Tepary bean ( Phaseolus acutifolius
A. Gray) is a strategic germplasm for genetic improvement of the common bean ( Phaseolus vulgaris
) for resistance to various stresses including drought. However, its potential for this purpose has not been evaluated. It is imperative that the potential of various genotypes of tepary bean as genetic improvement materials is evaluated. In the present study, tepary line NE#19 had higher seed yield and greater seed size than NE#5 under well-watered conditions in the field at Assiut, Egypt. Drought reduced seed yield of both lines but NE#19 had higher seed yield, and its seed size was not affected. Both lines had comparable shoot dry mass and root depth under drought. However, line NE#19 developed fibrous roots of greater mass than NE#5 in response to drought, especially, in deep soil profile (40 to 50 cm). Root/shoot ratio was high and the portion of leaf area supported by the mass unit of root was small in NE#19. Additionally, the leaves of this line exhibited a reduced stomatal conductance in response to progressive drought.
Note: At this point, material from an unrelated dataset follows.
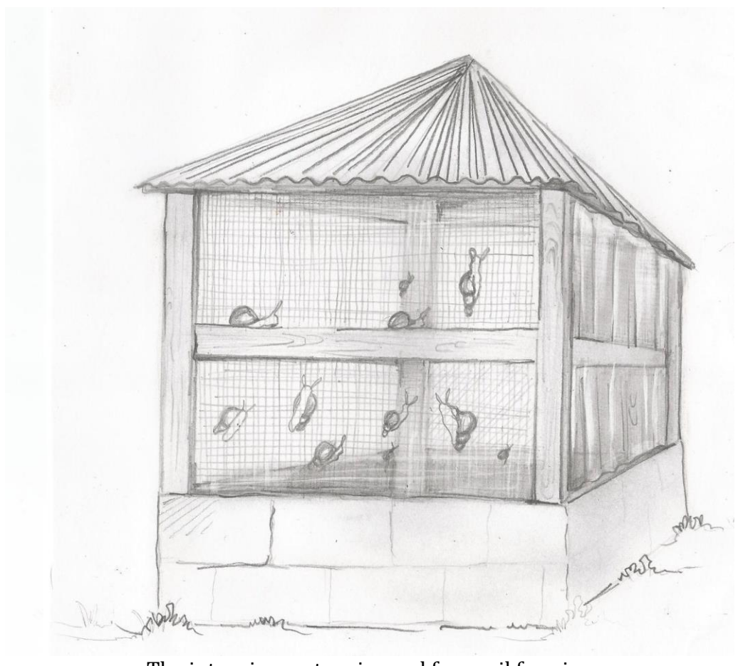
The intensive system is good for snail farming

Housing: Use intensive system of rearing. It can be high or low fenced pen, tank pens, baskets, drums, trampolines. In the construction of high fenced pen the walls should be a dwarf wall with bricks 1m high built all around it and with wire gauze at the top. Dig a trench all-round the bottom of the fence and pour used engine oil to protect it from intruding insects. The same technique is used in low fenced pen. One can as well rear snails in his/her farm, it involves planting or bringing in snails loving plants such as plantain, banana, pawpaw and cocoyam. After attracting them you fence the farm dig trench round the bottom and pour engine oil in it to avoid intruding ants.

However, biochemical assessment indicated that NE#5 and not NE#19 can completely recover after rehydration of severe dehydrated leaves in terms of chlorophyll (Chl
) contents and Chl a
fluorescence parameters (F0
), reduced tocopherol and lack of alteration in malondialdehyde release. This was due to a prominent antioxidative role of peroxidase activity during the stress period. It is concluded that the potential drought postponing traits of NE#19 enabled it to sustain normal seed filling and to produce high seed yield. Line NE#5 was regarded as tolerant to severe drought and may not suffer great reduction in seed size and yield if given supplemental water during the critical phase of seed filling. Diversity in drought postponing and tolerance of the two lines may be of further interest to bean breeders.